• **Task details**
Return the records as they stand. No picture is to be included.

• **Data entries**
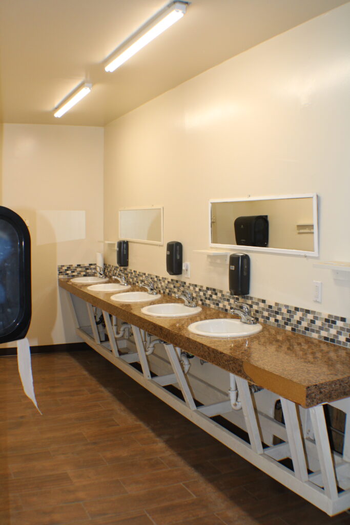 Clean, comfortable restrooms and showers with separate entrances for men and women.
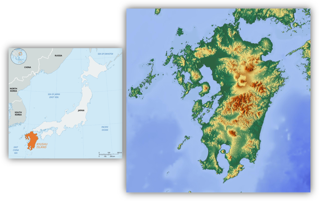 קיושו, שמשמעות שמו:  “תשעת המחוזות”, הוא האי השלישי בגודלו ביפן ואחד המגוונים שבהם. האי מתאפיין בנוף דרמטי ורב־עוצמה: רכסי הרים געשיים, עמקים ירוקים, חופים פראיים ושפע מים תרמיים – תוצאה של פעילות טקטונית מתמדת. האקלים הדרומי והקרבה ליבשת אסיה הפכו אותו לאורך ההיסטוריה לשער הכניסה של יפן לעולם.
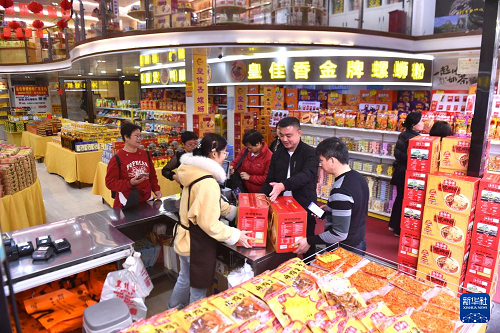 在廣西柳州市青云民生市場(chǎng)一家特產(chǎn)超市,游客在選購(gòu)螺螄粉(2026年3月10日攝)。(新華社記者 黃孝邦 攝)
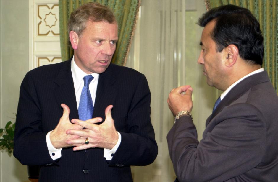 Before meeting the Uzbek President, Minister de Hoop Scheffer continues his discussion with Foreign Minister Safayev, 8 July 2003.
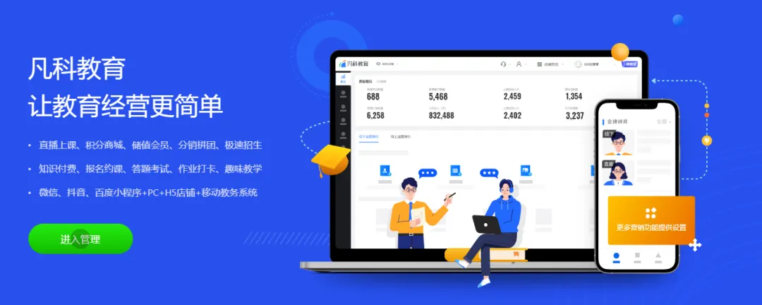 亮点:拥有用多种丰富的助学工具如学费报缴工具、信息收集表单、成绩/班级查询工具和海量题库闯关打卡,满足培训机构的多样化教学业务场景需求。支持线上直播授课、图文课程、视频课程等多种教学方式,教学形式多样适应不同类型需求。内置多种知识付费功能,支持PC、手机多终端全渠道覆盖获客。还配备了老带新好友助力、分销拼团、积分商城等多种营销拓客增加生源的系统。有效帮助教育培训机构高效管理、引流拉新。
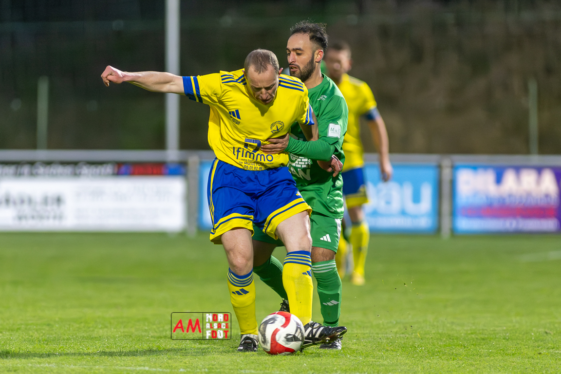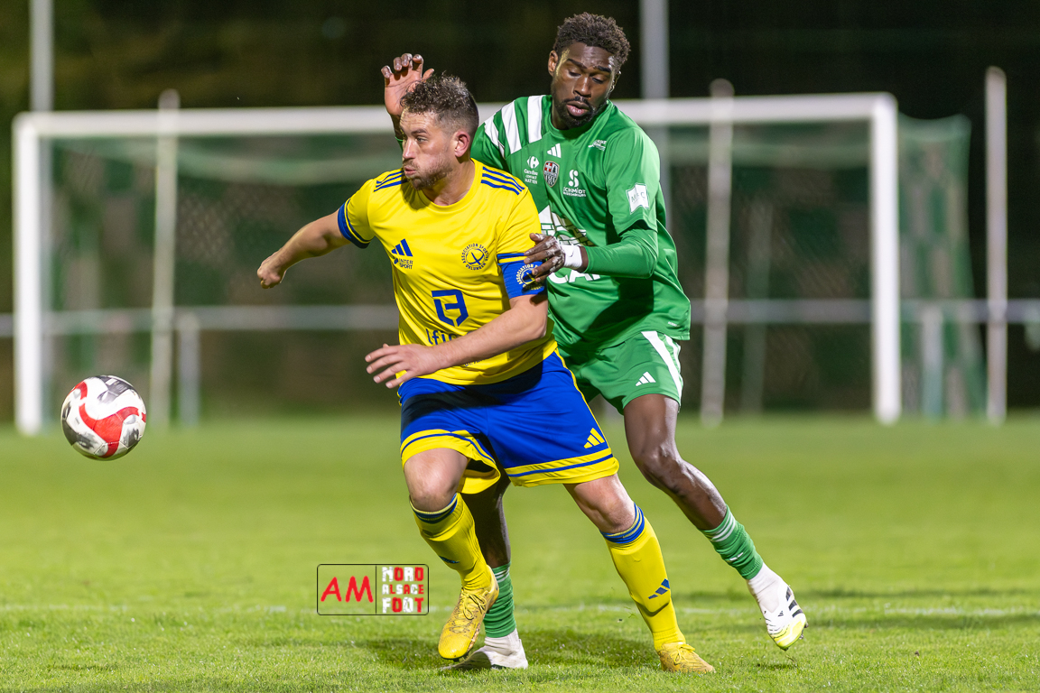 A l’occasion de la quatorzième journée de championnat en Régional 2 (Poule F), le FC Scheibenhard accueillait l’AS Ohlungen afin de conforter leur troisième place en faveur d’une victoire samedi soir, et ce, face à des adversaires voulant confirmer leur récent succès décroché face au FC Drusenheim (1-0). Après une première période se soldant par un score nul et vierge, les locaux ouvrirent le score par l’intermédiaire de Koffi Etchjien (47e) avant que les visiteurs n’égalisent en fin de rencontre grâce à un penalty transformé par Ritzenthaler Luc (84e), les deux équipes se quittant donc dos à dos sur ce score de 1-1. Retrouvez, ci-dessous, quelques images de cette rencontre et, pour en apprécier le contenu, veuillez cliquer sur l’une d’entre elles pour afficher le diaporama.

• **Solution to this task**
 Clean, comfortable restrooms and showers with separate entrances for men and women.
 קיושו, שמשמעות שמו:  “תשעת המחוזות”, הוא האי השלישי בגודלו ביפן ואחד המגוונים שבהם. האי מתאפיין בנוף דרמטי ורב־עוצמה: רכסי הרים געשיים, עמקים ירוקים, חופים פראיים ושפע מים תרמיים – תוצאה של פעילות טקטונית מתמדת. האקלים הדרומי והקרבה ליבשת אסיה הפכו אותו לאורך ההיסטוריה לשער הכניסה של יפן לעולם.
 在廣西柳州市青云民生市場(chǎng)一家特產(chǎn)超市,游客在選購(gòu)螺螄粉(2026年3月10日攝)。(新華社記者 黃孝邦 攝)
 Before meeting the Uzbek President, Minister de Hoop Scheffer continues his discussion with Foreign Minister Safayev, 8 July 2003.
 亮点:拥有用多种丰富的助学工具如学费报缴工具、信息收集表单、成绩/班级查询工具和海量题库闯关打卡,满足培训机构的多样化教学业务场景需求。支持线上直播授课、图文课程、视频课程等多种教学方式,教学形式多样适应不同类型需求。内置多种知识付费功能,支持PC、手机多终端全渠道覆盖获客。还配备了老带新好友助力、分销拼团、积分商城等多种营销拓客增加生源的系统。有效帮助教育培训机构高效管理、引流拉新。
 A l’occasion de la quatorzième journée de championnat en Régional 2 (Poule F), le FC Scheibenhard accueillait l’AS Ohlungen afin de conforter leur troisième place en faveur d’une victoire samedi soir, et ce, face à des adversaires voulant confirmer leur récent succès décroché face au FC Drusenheim (1-0). Après une première période se soldant par un score nul et vierge, les locaux ouvrirent le score par l’intermédiaire de Koffi Etchjien (47e) avant que les visiteurs n’égalisent en fin de rencontre grâce à un penalty transformé par Ritzenthaler Luc (84e), les deux équipes se quittant donc dos à dos sur ce score de 1-1. Retrouvez, ci-dessous, quelques images de cette rencontre et, pour en apprécier le contenu, veuillez cliquer sur l’une d’entre elles pour afficher le diaporama.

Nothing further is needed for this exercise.